Они спустились вниз к подножию каменной славы и стали разыскивать среди множества выделенных городом автобусов свой. Кто-то окликнул их. Они увидели знакомых пэвэошников, не выдержавших испытания словом, и отогревавшихся в теперь уже действительно комфортабельных автобусах.

Вновь стало совсем темно: то ли из-за того, что день кончился, то ли потому, что опять с моря пришли тяжелые снежные тучи. Они сели на переднее сидение, и Генрих продолжал укутывать ее полой куртки, безбожно прижимая Ирину к своему боку. За ними оказалась та маленькая смешная женщина, с которой Генрих Людвигович познакомил Ирину еще в мемориальной школе.

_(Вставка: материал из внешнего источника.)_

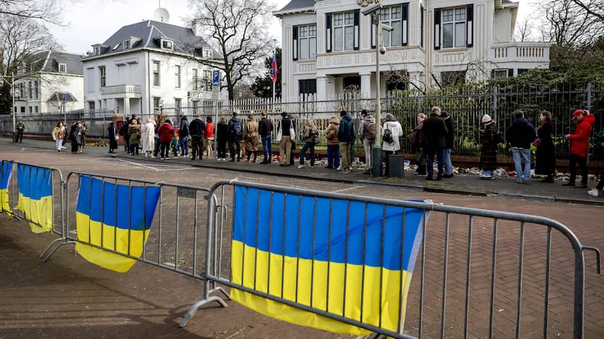 In beeld Russen in lange rij voor stembus in Den Haag na oproep tot protest
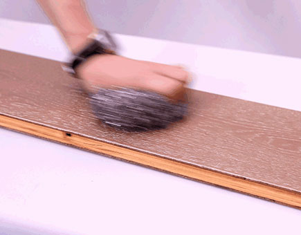 ①、用钢丝球在地板上摩擦,面板表面无明显白色刮痕。

Женщина была местная и, похоже, ее знали все: и горожане, и гости. Ирине она показалась ужасно нелепой: дикая синтетическая шубейка («по талону получила», – со счастливой улыбкой сообщила она); сбитая на затылок кубанка («Мода у них, что ли, такая», – мелькнуло у Ирины); какие-то детские – мальчиковые, как говорили в иринином детстве – полуботиночки («тоже по ветеранскому талону – других не было, а у меня ножка маленькая, когда-то будет мой размер… да и талон пропасть может»); на голове мелкий перманентик – волосы золотисто-русые; курносый носик и смеющийся рот, в котором прыгающие, как клавиши под рукой эстрадного куплетиста, белые зубки. Разве скажешь, что это – ветеран Великой Отечественной? Да никогда!

Ирина и не поверила. А Мария, или, как ее все называли, Маша, так и тянулась к этой необычной женщине. Маше и Генрих Людвигович чрезвычайно нравился, но для нее он был великоват – во всех смыслах. Она без всяких расспросов рассказывала всю свою жизнь сразу: и про войну, и про дочку, и про внучку. Отошедшей от обледенения Ирине хотелось спать, а из-за спины, как весенний ручей по камням, прыгали слова:

– Нинка совсем глупая… родила Вальку… город меня знает… дали отдельную из трех комнат с ванной… эту шкафину так с Нинкой и тащили… а где их возьмешь, мужиков-то… Вальке, конечным делом, все достали… где по ветеранскому… где по блату… не хуже других была на линейке… уж больно бант всем понравился… георгин да и только…

«О чем это она? Какие георгины в ноябре… на севере?» – тягуче размышляла Ирина, с трудом выплывая из сна.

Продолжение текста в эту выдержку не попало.